Neustart für Obama und Medwedew
Misstrauen und alte Rivalität wollen sie über Bord werfen: US-Präsident Barack Obama und Russlands Präsident Dmitri Medwedew betonen einen Neuanfang in der Beziehung beider Länder.
Die USA und Russland schlagen ein neues Kapitel in ihren Beziehungen auf: Eine Reihe von Vereinbarungen wie etwa über nukleare Abrüstung, US-Nachschubwege für den Afghanistankrieg sowie eine Wiederaufnahme militärischer Zusammenarbeit seien Belege für den "Neustart" zwischen beiden Staaten, betonten US-Präsident Barack Obama und sein russischer Kollege Dmitri Medwedew am Montag in Moskau. "Unsere Länder wollen eine Zusammenarbeit, die dem 21. Jahrhundert entspricht", sagte der russische Präsident. Der Neuanfang werde eine "bessere Zusammenarbeit auf vielen Feldern" und den Abschied von früherem "Misstrauen und Rivalität" ermöglichen, meinte Obama.
Die beiden Staatschefs würdigten vor allem die Bedeutung eines Nachfolgeabkommens für den im Dezember auslaufenden START-Abrüstungsvertrag über strategische Atomwaffen. Beide Seiten streben nach einer gemeinsamen Erklärung eine Verringerung dieser Waffen von bisher maximal 2200 auf je 1500 bis 1675 an. Nach dem auslaufenden Vertrag konnten beide Seiten bisher über maximal 1600 Trägersysteme verfügen, diese Zahl soll jetzt auf 500 bis 1100 reduziert werden. Die USA und Russland wollten gemeinsam nuklear abrüsten, auch "um mit Vorbild zu führen", sagte Obama.
Bei den Abrüstungsgesprächen soll auch ein Zusammenhang zwischen Angriffs- und Abwehrwaffen hergestellt werde. "Dieser direkte Bezug war noch vor kurzem völlig umstritten", sagte Medwedew. Das bedeutet, dass auch das umstrittene US-Raketenabwehrsystem in Polen und Tschechien in die Beratungen über START und über eine bilaterale Zusammenarbeit bei der Abwehr nuklearer Bedrohungen weltweit miteinbezogen werden kann.
"Unsere amerikanischen Partner haben eine Pause eingelegt, um die Situation zu prüfen und ihr abschließendes Fazit zu ziehen", sah Medwedew Fortschritte mit Blick auf das Raketenabwehrsystem in Mitteleuropa. Diese Pause sei für Russland ein wichtiges Signal, da die US-Führung bislang immer verkündet habe, der Bau der Raketenabwehr sei beschlossene Sache.
Aus US-Sicht berührt das geplante System zwar in keiner Weise russische Sicherheitsinteressen, aber er wisse "um die große Sensibilität" Moskaus in dieser Frage, sagte Obama. Die Raketenabwehr sei nicht als Schutz vor Russland, sondern vor Ländern wie dem Iran oder Nordkorea gedacht. Moskau hatte im Vorfeld des Obama-Besuchs einen Verzicht der USA auf die Raketenabwehr zur Voraussetzung für einen neuen Abrüstungsvertrag gemacht.

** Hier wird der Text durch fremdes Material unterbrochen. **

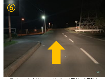
⑥ そのまま直進し、ゆるい坂道（堤防）を登ります。
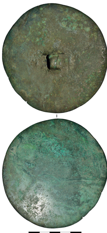
Рис. 5. Металлическое зеркало из захоронения объекта № 20 некрополя Карбан-1

На оборотной стороне в центре зеркала имеется петля из тонкой широкой пластинки. В месте крепления держателя к диску выделяются небольшие выступы, по-видимому, сделанные для лучшей фиксации ручки. Диаметр зеркала — 10,3×9,7 см, толщина — 0,2 см. Ширина петли — 0,7 см, толщина — 0,2 см, высота держателя по отношению к диску — 0,7 см. находка покрыта патиной, отличающийся по цвету с внешней и внутренней сторон.
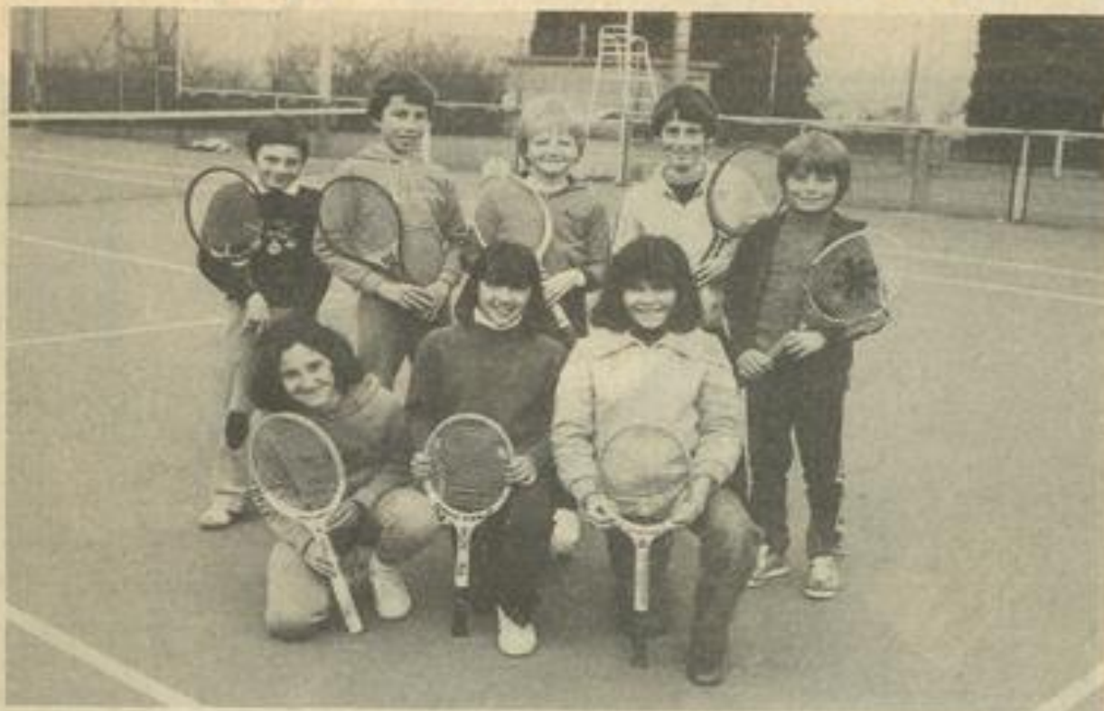
• Les équipes minimales filles et garçons.
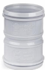
کوپلینگ ترمزدار .
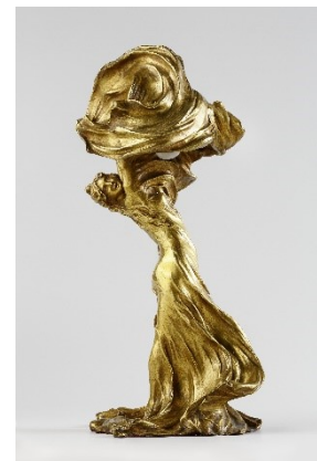
7. François-Raoul Larche, Tischlampe »Tänzerin Loïe Fuller«, um 1900

Museum für Angewandte Kunst Köln (MAKK), Dauerleihgabe der Otto Wolff Stiftung, Köln

Beide Seiten würden nun ihre Bemühungen intensivieren, einen "optimalen Weg für die strategischen Beziehungen auf der Basis von gegenseitigem Respekt und Interessen" zu finden, heißt es nun in der bilateralen Erklärung. In Expertengesprächen sollten alle Möglichkeiten der Zusammenarbeit geprüft werden, um die weltweiten Raketenprogramme zu beobachten. Dazu soll ein gemeinsames Zentrum für Datenaustausch geschaffen werden, das als Basis für ein multilaterales Benachrichtigungssystem über Raketenstarts fungieren soll.
Die Präsidenten unterzeichneten auch ein Abkommen über Nachschubwege von US-Militärgütern für den Afghanistan-Einsatz über russisches Territorium. Er sei dafür besonders dankbar, sagte Obama. Man rufe andere Staaten auf, an der Stabilisierung Afghanistans mitzuwirken, heißt es in der gemeinsamen Erklärung. Das Weiße Haus hofft, mit dem Transit durch Russland rund 133 Millionen Dollar zu sparen. Russland fürchtet eine Zunahme von extremistischem Terror an seiner Südflanke und unterstützt deshalb das Vorgehen gegen die Taliban. Ein eigenes militärisches Engagement schließt Moskau aber mit Verweis auf den sowjetischen Einmarsch in Afghanistan 1979 aus.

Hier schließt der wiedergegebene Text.